The problem is that this is always a touchy subject.  Being in America, we often don't have to walk "on eggshells" as much, but I have a dear German friend, a fellow engineer post-Doc, who definitely shies away, from this subject (or anything related to WWII).  I am an aerospace engineer, and in College I was constantly reminded of the German contributions to aviation.  We studied them as part of course.  One of my professors, Dr. Hans Mark (once Secretary of the Air Force, and once Deputy Administrator of NASA), knew Werner Von Braun personally (Dr. Mark was born in Germany so, if I understand correctly he was a form of "liaison" with Von Braun in some capacity due to common language).  But yes the subject is touchy.  All the more respect to my professors, some of whom (including my mentor) are Jewish.  We have to look past the dark periods of history and move forward, with a better understanding of the world we live in, without letting fear grip us.  Otherwise, that is when the problems begin.

J. "Wilhelm" Dunn
University of Texas at Austin "Go Longhorns"
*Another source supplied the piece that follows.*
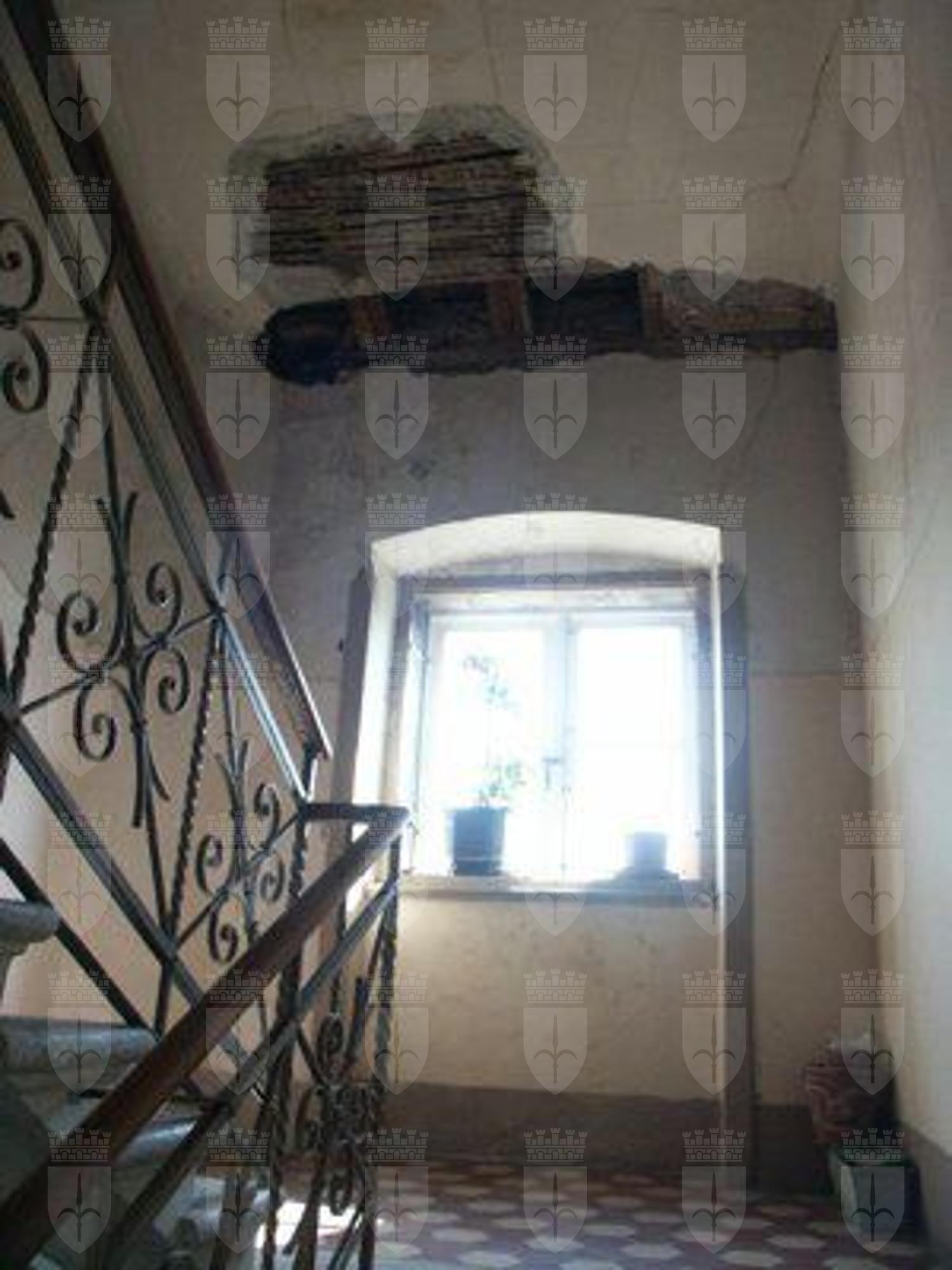 Le facciate esterne, trattate in modo omogeneo su tutti i lati, sono rifinite ad intonaco liscio colore grigio; un basso basamento in conci di pietra arenaria sbozzata a corsi regolari orizzontali evidenzia la pendenza dello spazio aperto che si apre davanti all'ingresso. Sul prospetto principale un marcapiano modanato rifinito ad intonaco segna il piano di appoggio di una serie di lesene trattate ad intonaco, che segnano il ritmo verticale della facciata, sino alla sommità. Un sottile marcapiano quadro rifinito ad intonaco separa le finestre dell'ultimo piano, più piccole della altre. A livello del coronamento le lesene si raccordano alla banchina in pietra a mezzo di elementi decorativi a forma di testa leonina. Finti parapetti in pietra con balaustrini arricchiscono la facciata principale in corrispondenza della prima file di finestre, sulla sinistra. I serramenti vetrati esterni sono tutti lignei a doppia anta a sei specchiature, con cornice in pietra bianca a definizione del foro architettonico; al piano terra gli oscuranti esterni sono del tipo a libro, verniciato in color bianco montati in luce; il serramento vetrato di ingresso principale in legno verniciato naturale è a due ante con sopraluce; a protezione delle specchiature vetrate vi sono due inferriate decorative in ferro lavorato. Gli oscuranti lignei esterni uso Trieste, montati su controcassa esterna, sono verniciati in color bianco al primo piano, al naturale al piano secondo e terzo. All'ultimo piano i serramenti sono più piccoli, privi di oscurante. Le gronde in lamiera zincata si innestano su pluviali in pvc. Il manto di copertura è in coppi curvi rossi uso Trieste. All'interno il vano scala presenta superfici semplicemente intonacate in color bianco, con abbassamento in smalto murale color senape. La scala in pietra bocciardata presenta un parapetto decorativo metallico, con corrimano ligneo verniciato naturale. Il pavimento in corrispondenza dei pianerottoli presenta piastrelline colorate in cotto.

Well quite, it is about separating the art from the politics, the media from the message if you will. To be honest as long as the language stays in the relm of design, construction, form, method and away from emotive terminology then we should be fine. That said it is an easy target for any troller, by the nature of the subject matter.

I always found the art and design to skip Victorian. Going for more classical forms of expression or "modern" (eg art deco, clean lines bold blocks) functional design. This would make sence mirroring the aspects of "sweeping away the old order." It could be argued that the art associated with that old order would be something that required to be distanced from. The physical mirroring the mind so to speak.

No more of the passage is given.